___ DATASET EXCERPTS
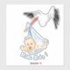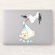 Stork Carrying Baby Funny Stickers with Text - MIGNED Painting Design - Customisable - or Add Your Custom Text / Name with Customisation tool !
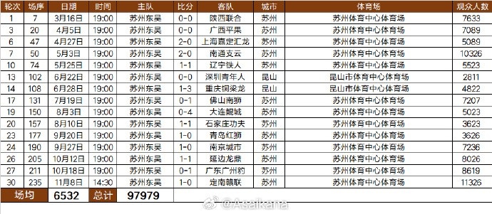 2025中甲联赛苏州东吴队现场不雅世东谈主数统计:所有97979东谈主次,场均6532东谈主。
______
___ DATASET EXCERPTS
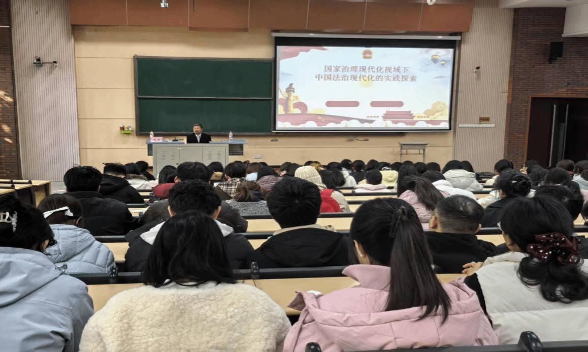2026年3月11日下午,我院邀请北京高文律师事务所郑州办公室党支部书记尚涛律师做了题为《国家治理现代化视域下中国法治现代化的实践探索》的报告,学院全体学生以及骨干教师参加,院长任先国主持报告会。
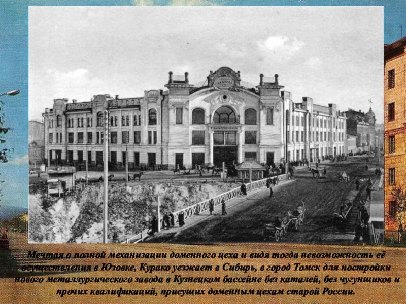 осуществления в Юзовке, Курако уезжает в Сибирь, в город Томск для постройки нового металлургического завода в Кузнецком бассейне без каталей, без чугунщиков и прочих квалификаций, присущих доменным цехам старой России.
______
Would you output only the span of the records above that opens with the line containing "Stork Carrying Baby" and closes with the line containing "2025中甲联赛苏州东吴队现", ends included and pictures dropped?

◆ **SOLUTION**
 Stork Carrying Baby Funny Stickers with Text - MIGNED Painting Design - Customisable - or Add Your Custom Text / Name with Customisation tool !
 2025中甲联赛苏州东吴队现场不雅世东谈主数统计:所有97979东谈主次,场均6532东谈主。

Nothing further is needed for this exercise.